When he wrote, the midwestern small town was at its apex, and to visit any of them today you can see the evidence of that prosperity and pride in what remains of the architecture - an imposing court house or city hall; a town square (usually with a Civil War memorial); a block or two of fine commercial buildings facing the square; elegant residential streets just off the square.

By the 1920s the midwestern small town had also fixed itself in the American imagination as the embodiment of what was quintessentially American; indeed, by the 1920s the midwest itself had fixed itself in the American imagination as the American "heartland." It managed to balance industry and agriculture, city and country, "native" and immigrant. And it prided itself on a certain kind of progressivism - the midwest, after all, produced the American socialist leader Eugene V. Debs (Indiana), Fightin' Bob LaFollette, governor of Wisconsin, the skyscraper (born in Chicago) and Frank Lloyd Wright.

Nearly one hundred years later, the midwestern small town is an endangered species. To drive across Ohio, or Indiana, or Illinois is to come through dozens of these places that are shells of their former selves. The court house is still there; the commercial district is now 1/3 vacant; what remains tends to thrift shops and social service agencies; many of the houses are ill-maintained and several are empty altogether.

In some ways, what has happened to the small town is exactly what has happened to the big rust belt cities, only in microcosm. The town's one big employer - maybe a grain elevator or a small manufacturing operation - closes and leaves; a bypass around the town gets built in the name of traffic efficiency and "progress"; then a shopping center, complete with a big box store opens at one end, the "downtown" is drained of its economic life; people move out to the "suburbs" near the bypass - often a small subdevelopment or trailer park; and voila! mini urban decay.

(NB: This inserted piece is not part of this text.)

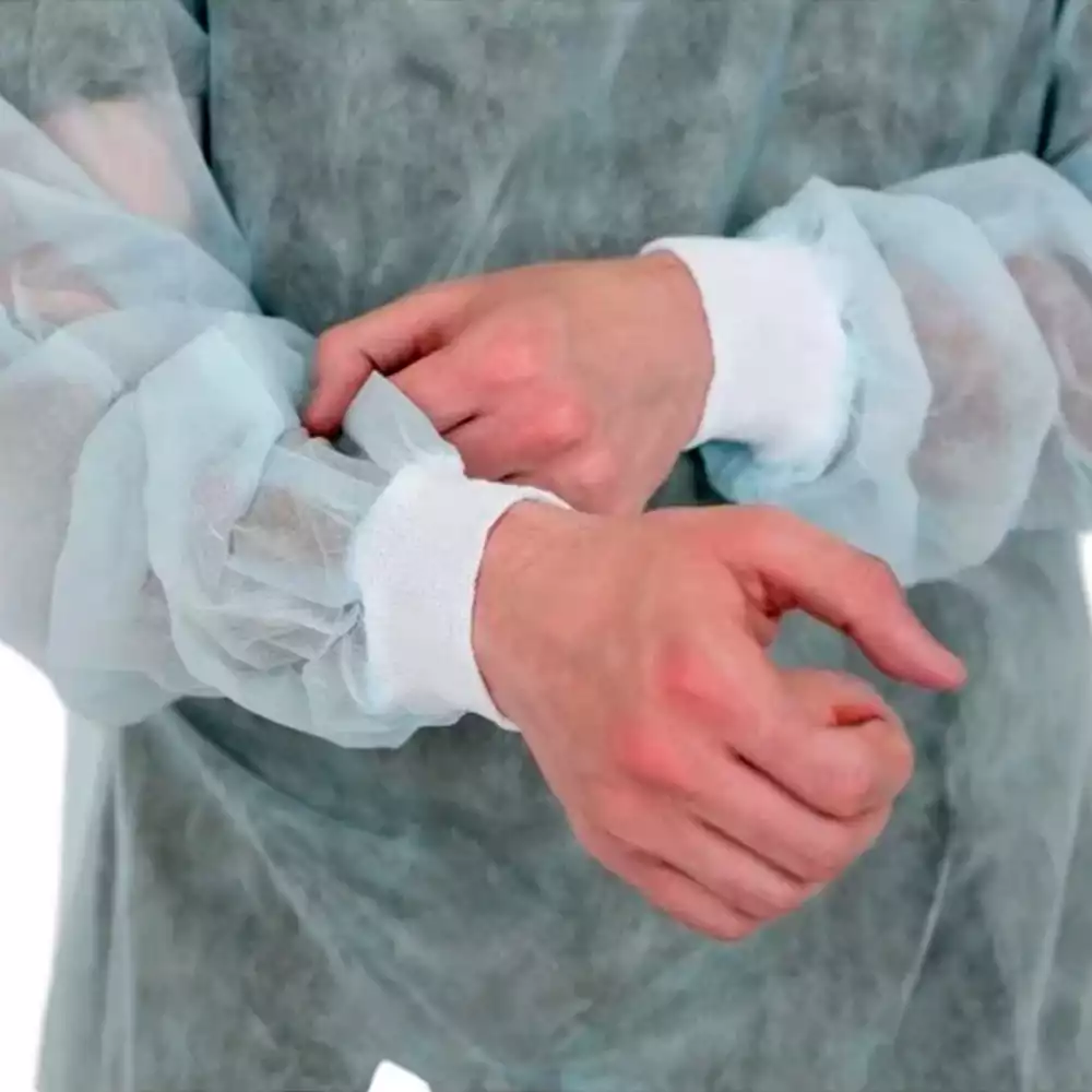 Халат одноразовый изготовлен из гипоаллергенного, нетканого полипропилена – СМС.
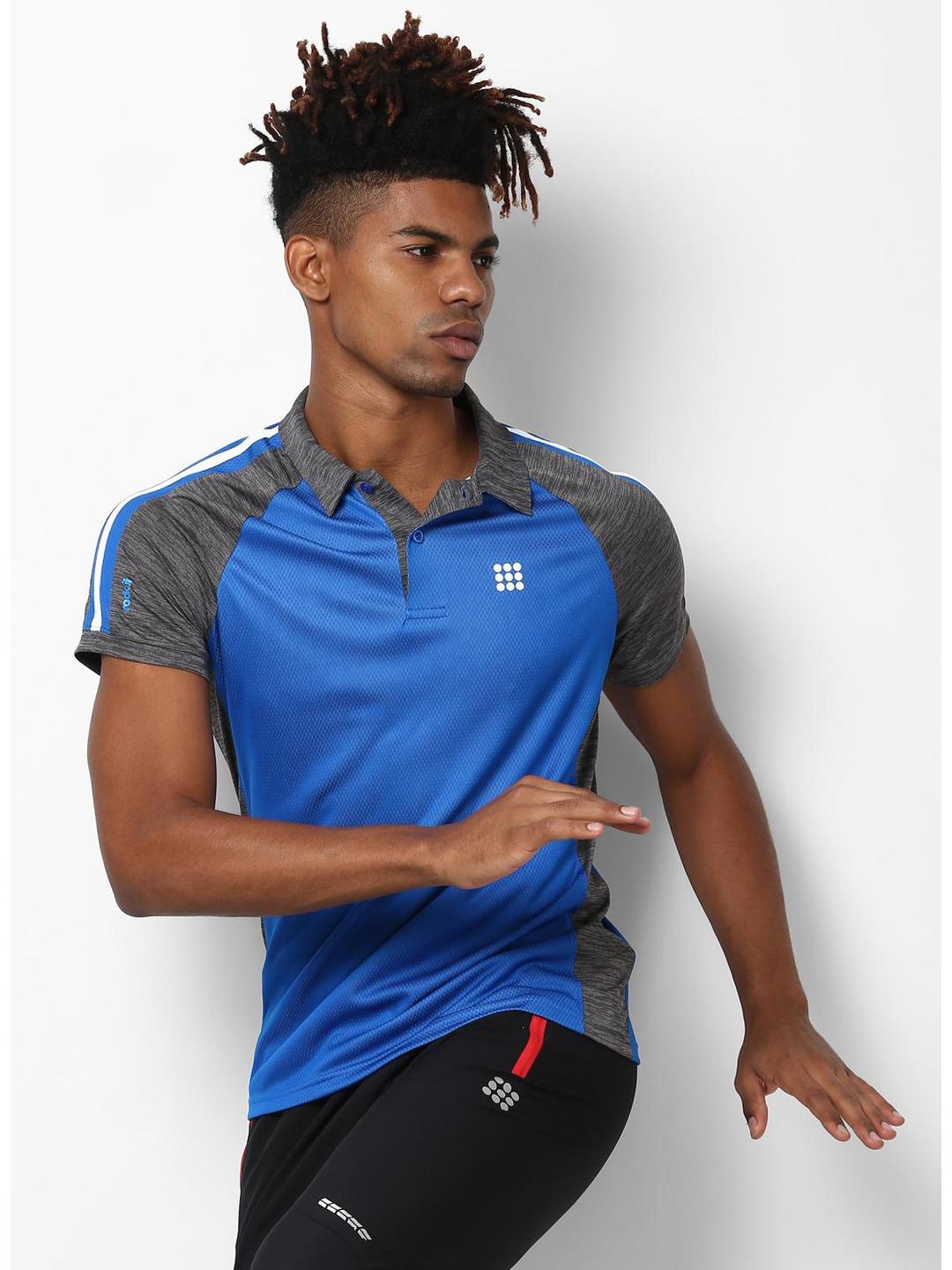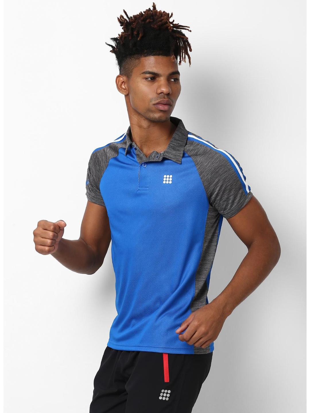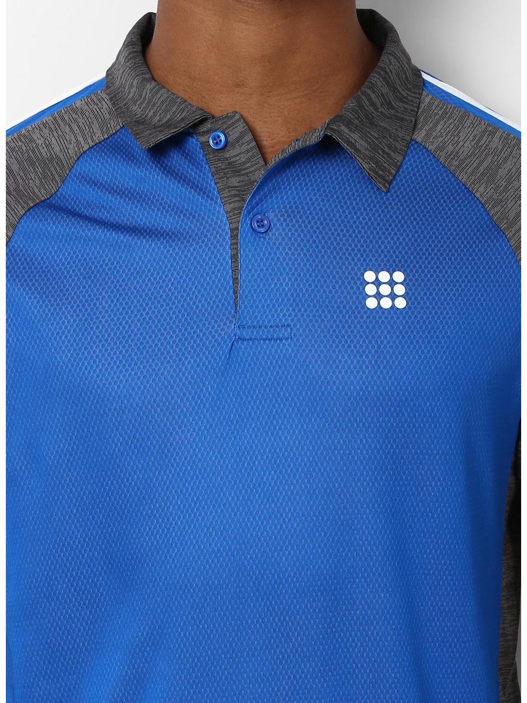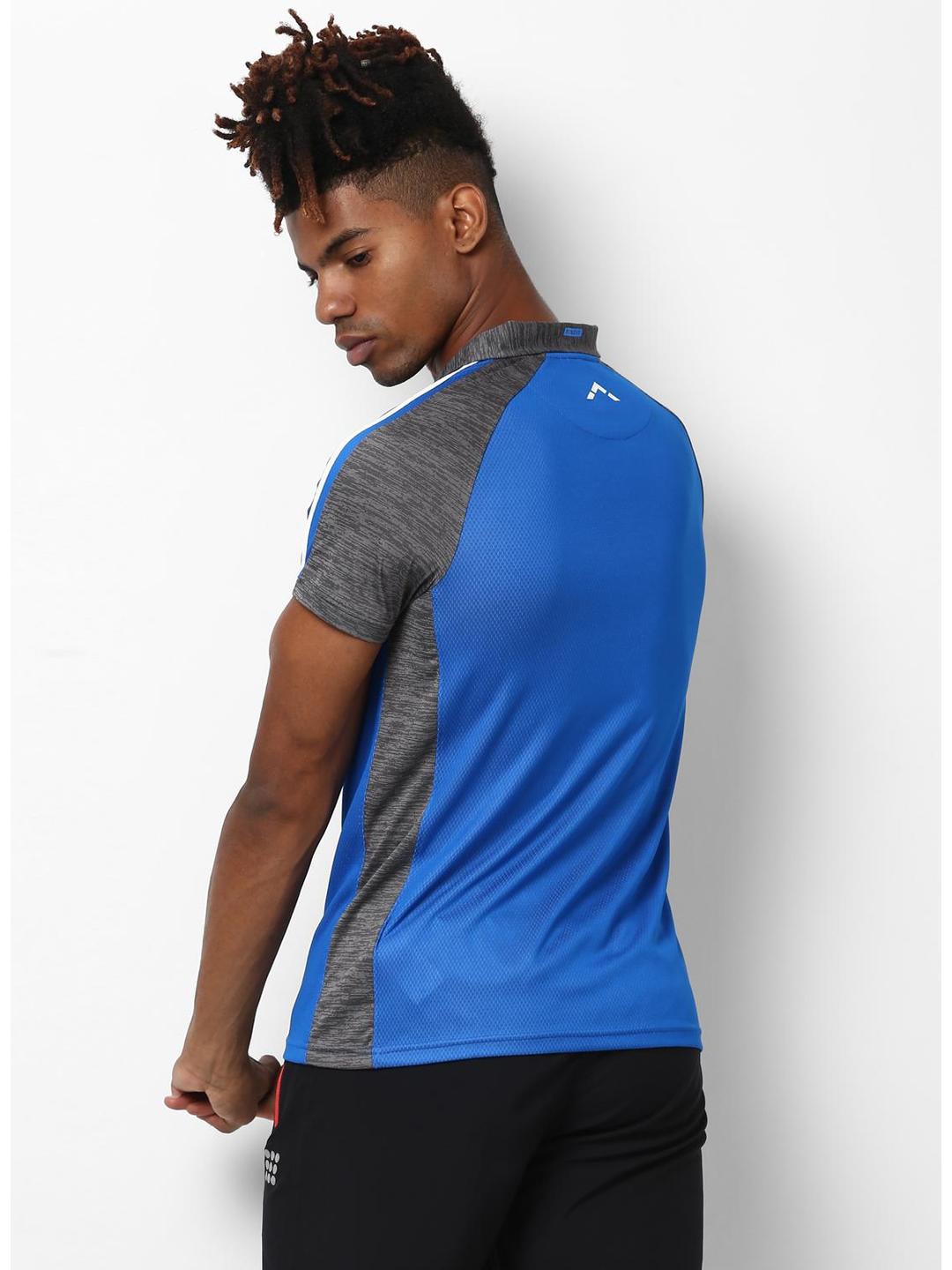Men Grey Blue Collar Regular Fit T-Shirt

Historian Richard Davies has written a lovely little book about this called Main Street Blues - a history of Camden, Ohio, the town where he grew up. As it happens, it was also the home of Sherwood Anderson, the first American novelist to write about the dark side of American small-town life.

Because the small town as a living entity is disappearing, we cling to its symbolism even more tenaciously. This is what the McSame campaign is tapping into - a yearning on the part of many people who live in anonymous apartment complexes (of the sort where my daughter and I went door-to-door last weekend) or equally anonymous housing developments whose major advantage is easy access to an on-ramp. Demographically speaking, a small fraction of Americans actually live in small towns; a much larger percentage wish they did.

A final thought for now about the small town. Last year the Times published some numbers about Iraq war casualties. I don't remember them precisely, but the upshot of the piece was that a hugely disproportionate number of casualties come for towns of 10,000 and smaller. If Vietnam was fought disproportionately by African Americans from the city, then this is a small-town war. That alone is a sad commentary on the opportuntities facing 18yr olds graduating from under-funded high schools in small towns today.

But perhaps that also explains why there has been so little public outcry about it. We love the idea of the small town, but we don't really want to live there, facing a choice between the night shift at Wal-Mart and the army. The war is being fought by people from those places we invoke as part of our national mythology but whose reality we have otherwise largely forgotten. Places we barely notice as we zip by on the bypass.

UPDATE: For those architect wannabes, I've added a photo of the Longaberger HQ above. Tom S.

3 comments:

Anonymous said...

Steve I think you should have called this post "To Hell in a Handbasket"

Sator Arepo said...

Great post, sir.

Anonymous said...

I just want to concur that the Newark Mounds are well worth a visit. The total site is enormous. It's an amazing piece of pre-Columbian heritage scattered across an Ohio town.